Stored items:

*** Begin section ***

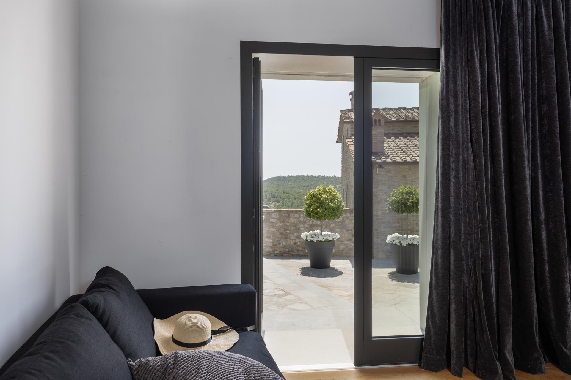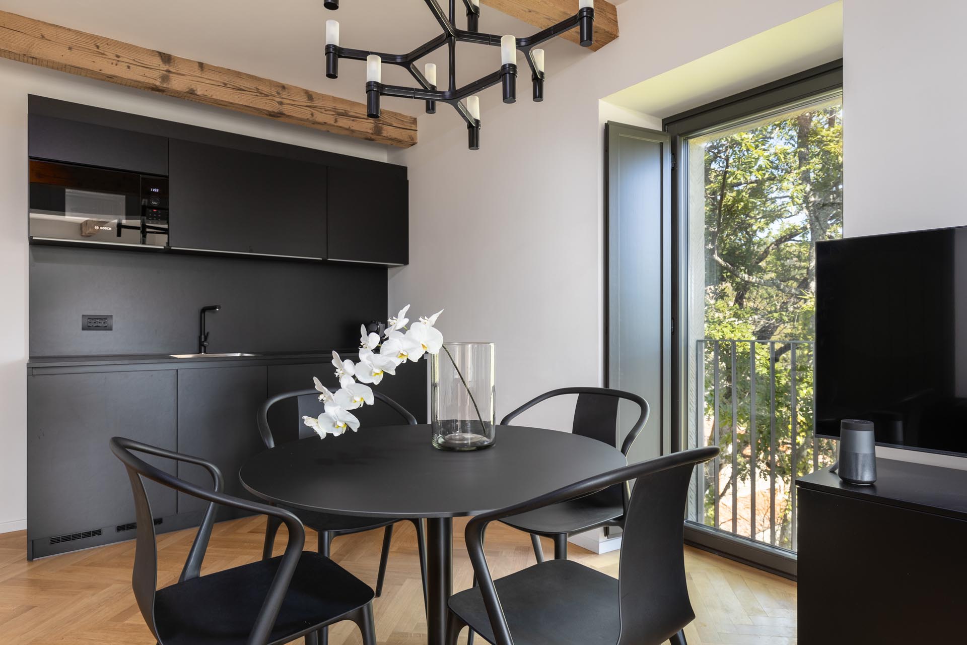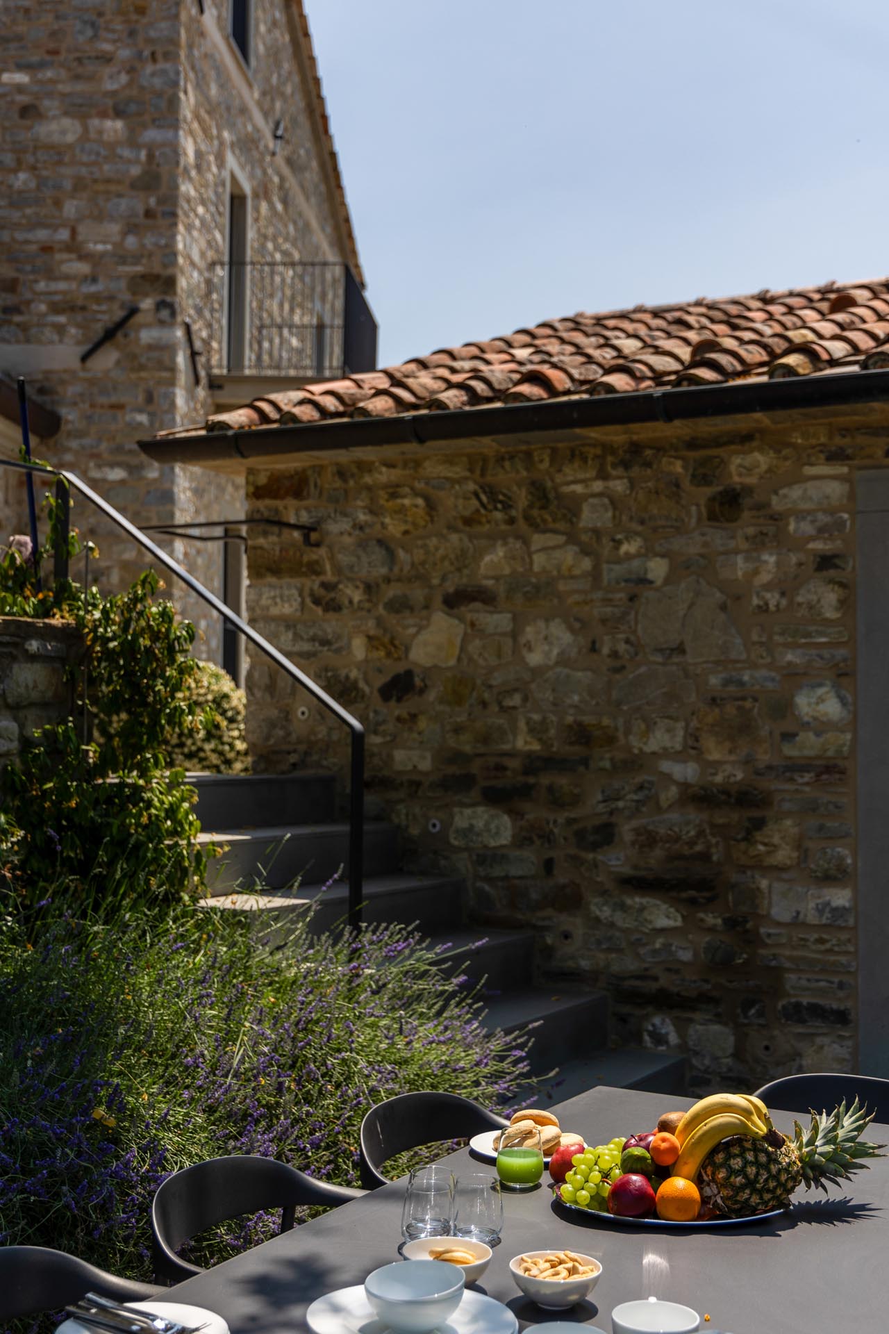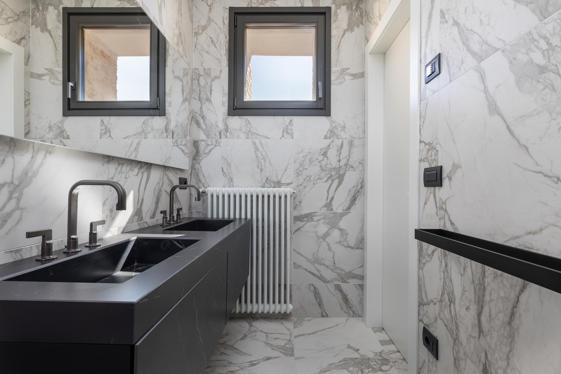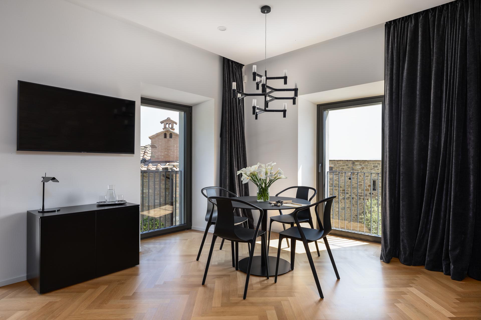 Centuries-old stones and original wooden beams have been thoughtfully integrated with wrought metal frames and fixtures, various marble types, colours, and modern fabrics.
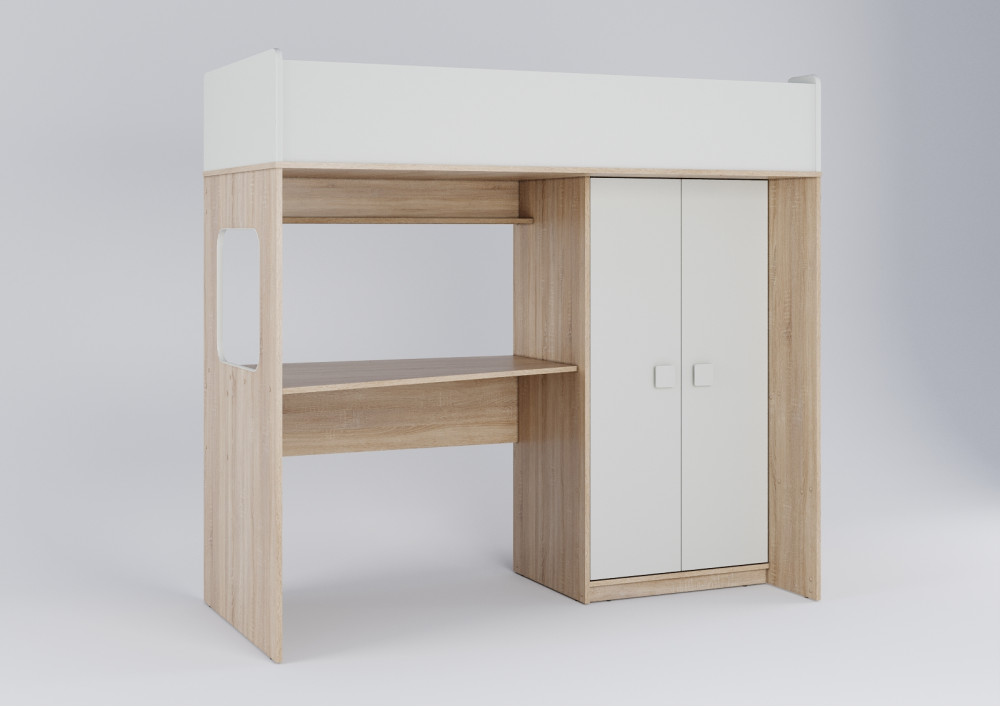 Учебная зона со столом под спальным местом открывает возможности для письменных работ,а также здесь удобно расположить ноутбук.
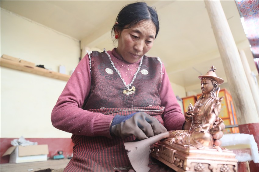 一雙粗糙而靈巧的手正一絲不茍地對(duì)銅像進(jìn)行最后的打磨。這是一雙執(zhí)著于銅鑄工藝43年的手。尼瑪從7歲開始學(xué)習(xí)銅鑄手藝,是該項(xiàng)工藝的州級(jí)非物質(zhì)文化傳承人。
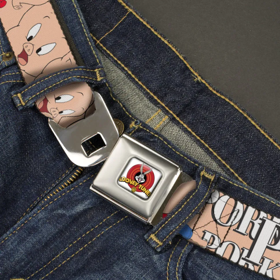 Looney Tunes Logo Full Color White Seatbelt Belt – PORKY PIG w/Poses Pink Webbing
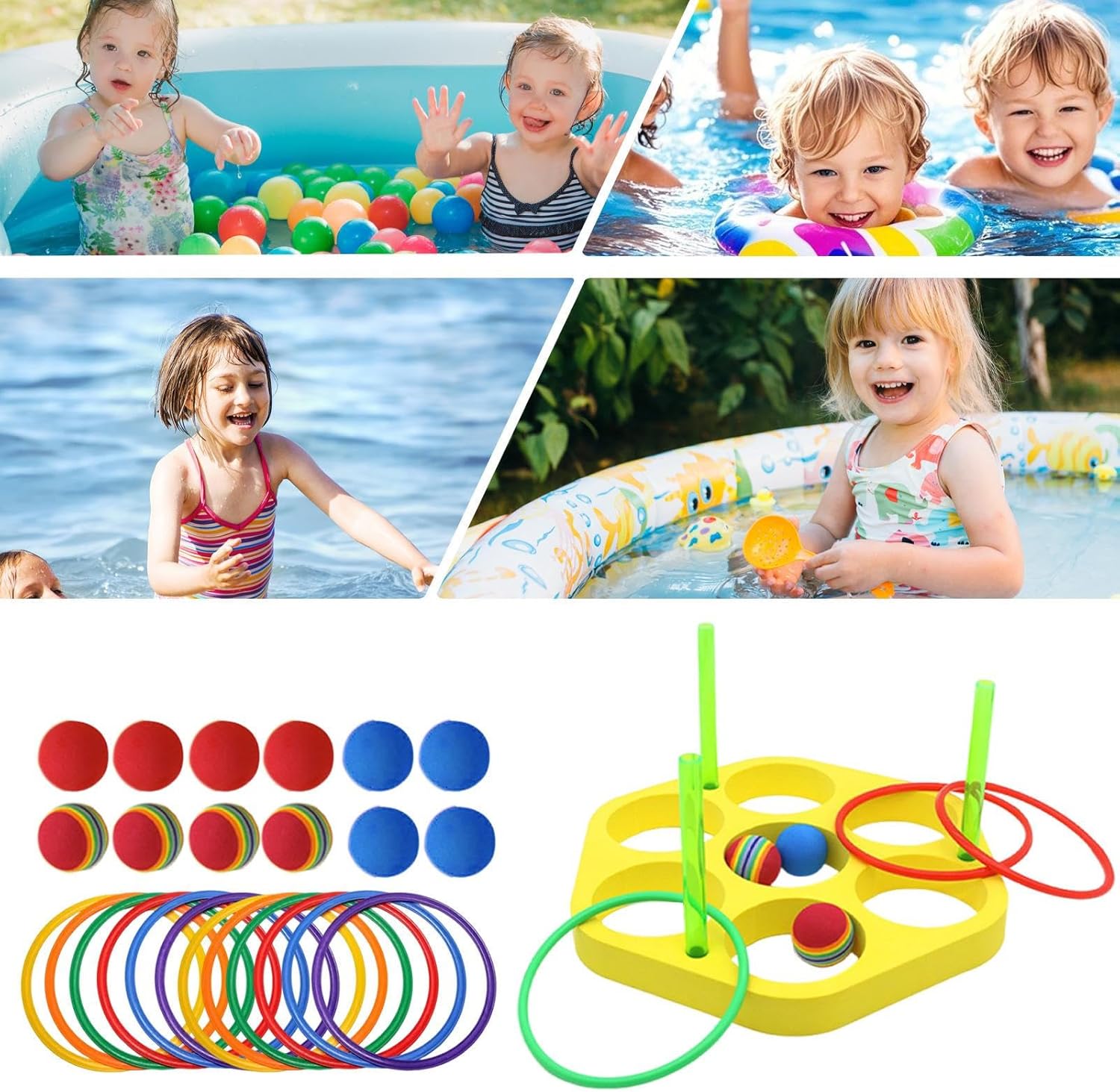 Design Protettivo: Sagome ergonomiche senza spigoli prevengono graffi o lesioni, giocattolo acquatico affidabile scelto dai genitori responsabili Palette accattivante: Tecnologia cromatica studiata per ambienti acquatici intensifica la brillantezza dei colori quando bagnati, offrendo doppia funzionalità come strumento educativo per riconoscimento tonalità e gioco motorio Costruzione robusta: Realizzato in EVA espanso ad alta densità, questo gioco acquatico galleggiante mantiene stabilità ottimale durante l'uso, resistendo all'usura da esposizione prolungata all'acqua e garantendo affidabilità nei movimenti dinamici in piscina Divertimento Educativo: Migliora le capacità motorie e la coordinazione con attività dinamiche di gruppo, creando momenti di interazione educativa ideali per bambini e adulti Design antiscivolo: La struttura con superficie texturata permette un controllo ottimale durante il lancio degli anelli, trasformando le attività acquatiche in occasioni di apprendimento motorio e momenti di divertimento condiviso per tutta la famiglia.
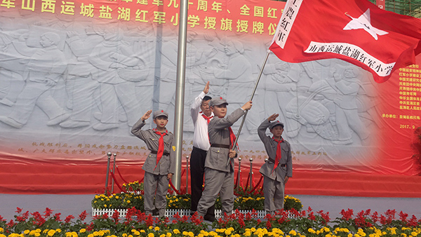 9月18日下午,中國工農紅軍山西運城鹽湖紅軍小學舉行授旗授牌感恩捐贈儀式。鹽湖區(qū)十四小更名為“中國工農紅軍山西運城鹽湖紅軍小學”,正式加入全國紅軍小學隊伍,成為全國掛牌的231所紅軍小學之一。
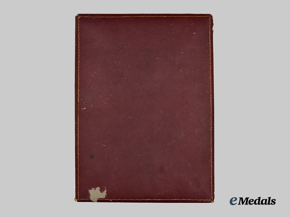 4. Accompanied by a presentation case, constructed of a lightweight wood core and a textured burgundy faux leather exterior, the interior of the lid is lined with off-white silk, marked “Villanueva y Laiseca Joyeros Madrid” in golden lettering, with the exterior metal hinge fully functional and the interior hinge cover fully intact, with a removable recessed medal bed for seating of the awards, measuring 185 mm (w) x 255 mm (l) x 80 mm (h), in better than very fine condition.
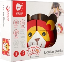 Descoperă joaca creativă cu un puzzle din lemn natural, care îi ajută pe copii de la 18 luni să-și dezvolte motricitatea fină, coordonarea mână–ochi și imaginația. Din 19 piese cu bază și tije, copiii pot asambla o față veselă de leu și alte animăluțe și obiecte după 5 șabloane față–verso – sau după propria imaginație.
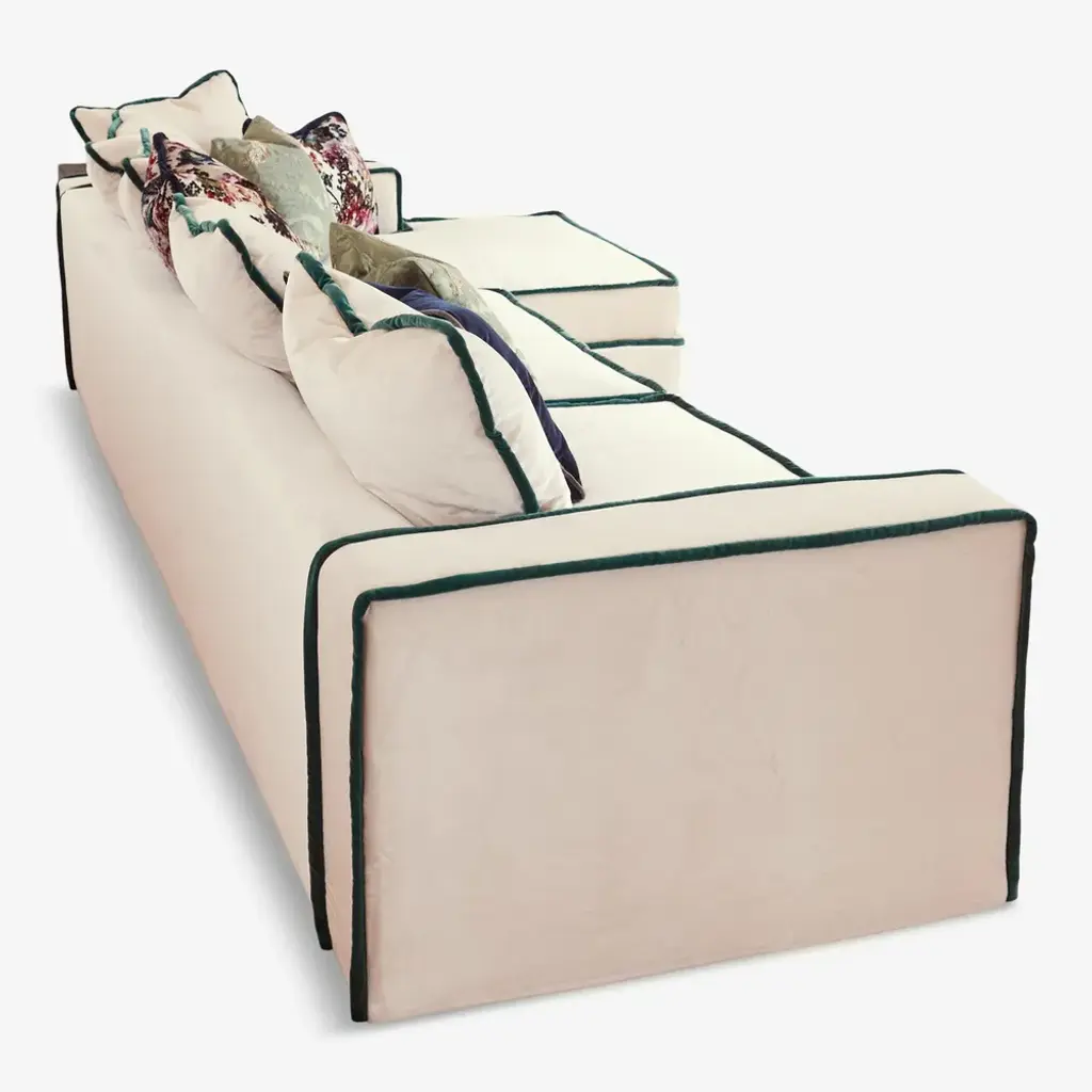 Indulge in luxury: rafaella chaise sofa - modern comfort redefined experience the epitome of sophistication with our rafaella chaise sofa. Immerse yourself in the smooth, ultra-comfortable embrace of deep seats and a wide chaise, making relaxation a true pleasure. This luxurious sofa boasts a modern twist on revival style with rafaella's angular profile, complemented by plush cushions offering both comfort and a charming contrast. perfect for evenings and long weekends, the chaise module enhances conviviality, providing extra seating for guests. Rafaella adds a delightfully cozy and chic touch to your home, with the continuous backrest and light, airy design visually expanding your living space. transform your living experience with rafaella – where smooth soft luxury meets contemporary elegance. materials internal frame: solid dried beech wood, jute belts with steel springs. padding: 100% natural latex, goose down layer, pressed cotton. finishing: choice of 100% natural fabrics (linen, cotton velvet, natural mixes), steel and cotton zippers, removable cover. production entirely handmade in our workshops in northern italy.

*** End section ***

ASSIGNMENT — Where a picture appears, omit it; otherwise reproduce each line above from the first to the one with "Looney Tunes Logo", inclusive.

EXERCISE RESULT —
 Centuries-old stones and original wooden beams have been thoughtfully integrated with wrought metal frames and fixtures, various marble types, colours, and modern fabrics.
 Учебная зона со столом под спальным местом открывает возможности для письменных работ,а также здесь удобно расположить ноутбук.
 一雙粗糙而靈巧的手正一絲不茍地對(duì)銅像進(jìn)行最后的打磨。這是一雙執(zhí)著于銅鑄工藝43年的手。尼瑪從7歲開始學(xué)習(xí)銅鑄手藝,是該項(xiàng)工藝的州級(jí)非物質(zhì)文化傳承人。
 Looney Tunes Logo Full Color White Seatbelt Belt – PORKY PIG w/Poses Pink Webbing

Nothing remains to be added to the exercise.